Pablo Larrea

Personal information
- Full name: Pablo Guido Larrea Gambara
- Date of birth: 4 February 1994 (age 32)
- Place of birth: Madrid, Spain
- Height: 1.78 m (5 ft 10 in)
- Position: Midfielder

Team information
- Current team: Cartagena
- Number: 10

Youth career
- Atlético Madrid
- 2010–2012: Villarreal

Senior career*
- Years: Team / Apps / (Gls)
- 2012–2015: Villarreal C / 69 / (2)
- 2015–2017: Villarreal B / 66 / (2)
- 2017–2019: Numancia / 29 / (0)
- 2019: → Ponferradina (loan) / 15 / (0)
- 2019–2021: Ponferradina / 68 / (2)
- 2021–2023: Tenerife / 42 / (0)
- 2023–2025: Real Murcia / 32 / (0)
- 2025: Algeciras / 13 / (0)
- 2025–: Cartagena / 27 / (1)

= Pablo Larrea =

Spanish footballer

Pablo Guido Larrea Gambara (born 4 February 1994) is a Spanish professional footballer who plays as a central midfielder for Primera Federación club Cartagena.

==Club career==
Born in Madrid, Larrea represented Villarreal CF as a youth, and made his senior debut with the C-team during the 2011–12 season, in Tercera División. On 27 June 2015, he signed a new two-year contract with the club, being promoted to the reserves in Segunda División B.

On 5 July 2017, Larrea signed a two-year contract with Segunda División club CD Numancia. He made his professional debut on 26 August, coming on as a late substitute for Iñigo Pérez in a 2–2 away draw against Rayo Vallecano.

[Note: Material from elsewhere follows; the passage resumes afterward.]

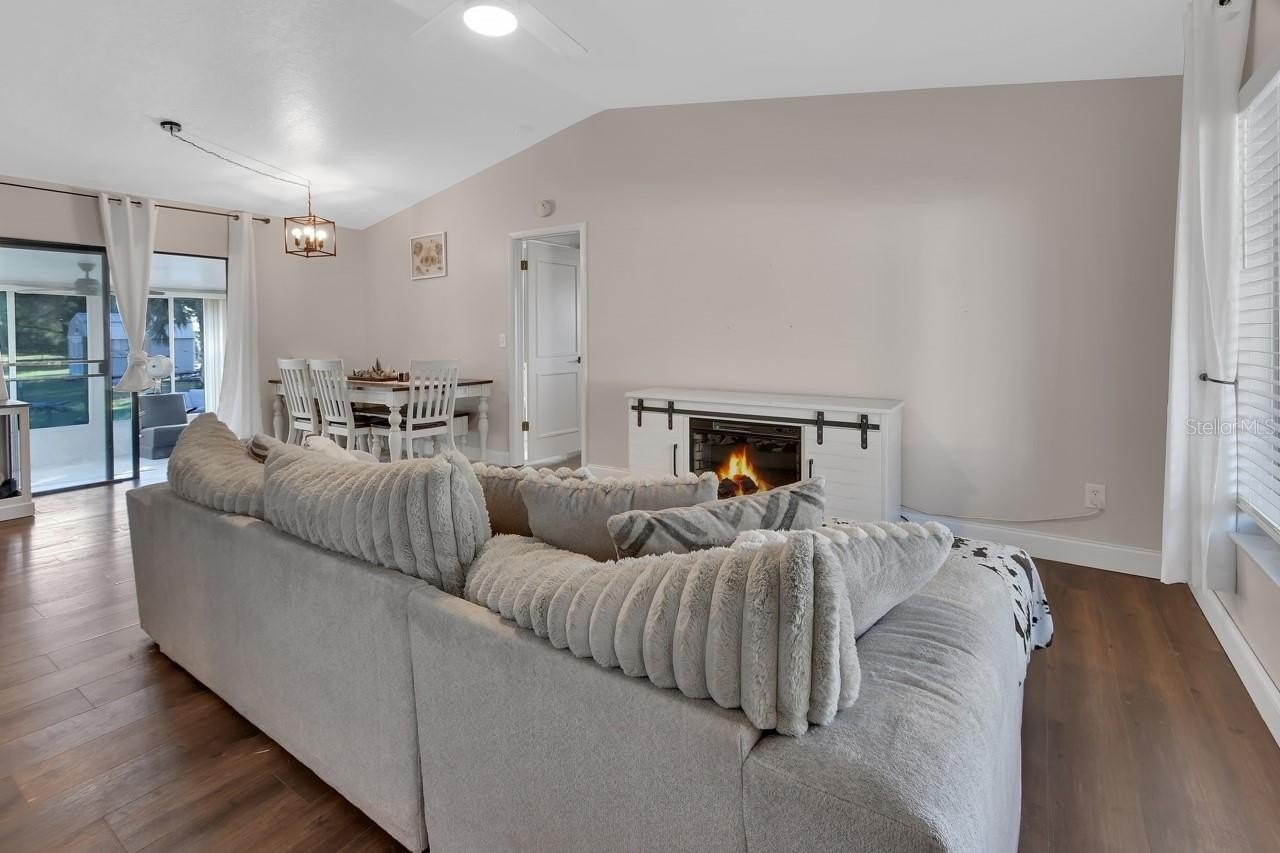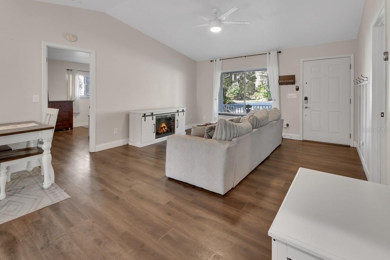 Updated and well-priced, this DeLand home offers modern finishes, custom details, and generous living space. Updates include - Both bathrooms completely redone, a new water heater, new kitchen appliances, and luxury vinyl flooring run throughout the home, with tile in the baths and porch. The living room features a vaulted ceiling, enhancing the open feel, while decorative trim on doors and walls adds a custom touch. A large, enclosed porch or Florida room provides versatile additional living space, perfect for relaxing or entertaining year-round.

On 25 January 2019, after being rarely used during the first half of the campaign, Larrea was loaned to SD Ponferradina in the third division, until June. On 15 July, after achieving promotion to the second level, he joined Ponfe permanently.

Larrea scored his first professional goal on 7 September 2019, netting the opener in a 1–1 away draw against CF Fuenlabrada. On 25 August 2021, he moved to fellow second division side CD Tenerife on a one-year deal.

On 16 August 2023, Larrea terminated his contract with Tete.